The Human Rights Watch says the U.S. programme could lead to more censorship of critical speech on the internet.
The U.S. is setting a dangerous example with its sweeping surveillance programmes, paving the way for mass censorship of online communications by authoritarian governments, Human Rights Watch has said.
“The U.S. now leads in ability for global data capture, but other nations and actors are likely to catch up, and some already insist that more data be kept within their reach,’’ says the rights group in its annual report.
The report includes an assessment of human rights records in over 90 countries and was presented on Tuesday in Berlin.
According to Human Rights Watch, the U.S. programme could lead to more censorship of critical speech on the internet.
“In the end, there will be no safe haven if privacy is seen as a strictly domestic issue, subject to many carve-outs and lax or non-existent oversight,’’ the report says.
The rights group has criticised recent efforts by U.S. President Barack Obama to reform the monitoring activities of the National Security Agency (NSA), arguing that the agency will be able to continue violating individuals’ right to privacy.

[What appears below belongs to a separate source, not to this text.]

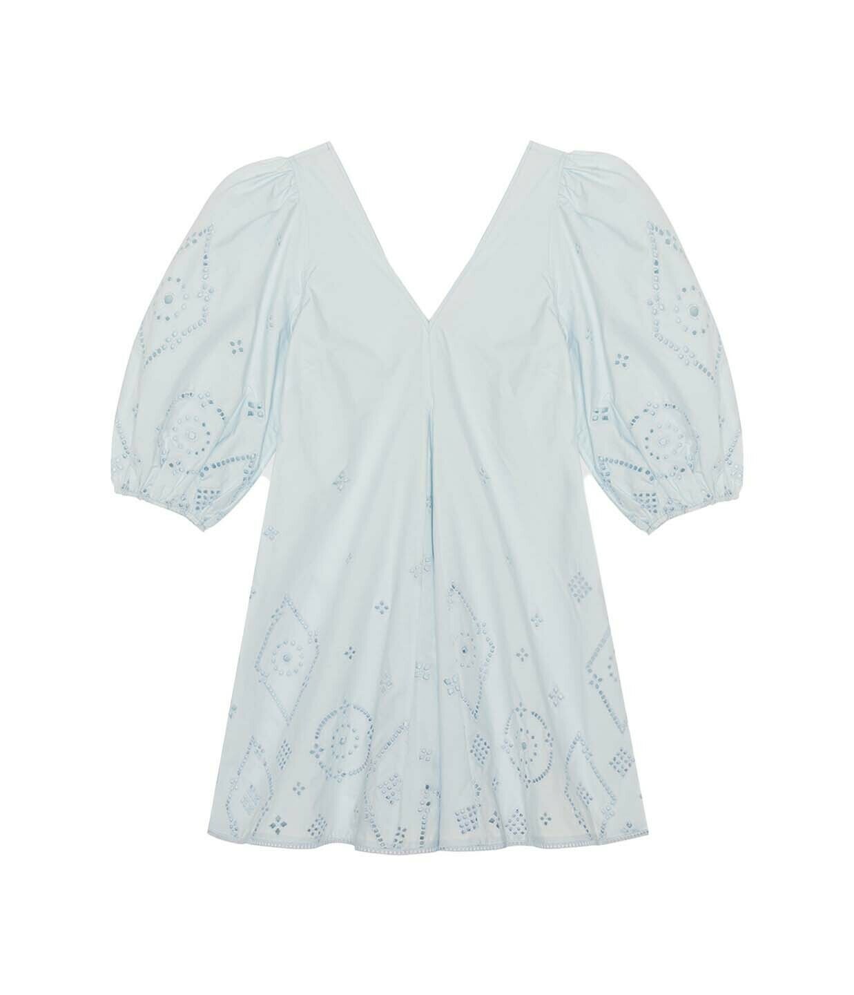 Broderie Anglaise Puff Sleeve Mini Dress in Illusion Blue

“The proposals do very little to limit collection, leaving the door open to continued indiscriminate surveillance of people abroad,’’ HRW said in response to a speech delivered by Obama last week on NSA reforms.
In its report, the organisation proposes several measures that the U.S. government should take to successfully rein in mass surveillance.
These include requiring judicial warrant protection for metadata, recognising that privacy is breached when data is collected (not just viewed or used), revamping the Foreign Intelligence Surveillance Court (FISA) to better control the NSA, and placing whistleblowers under national security practices.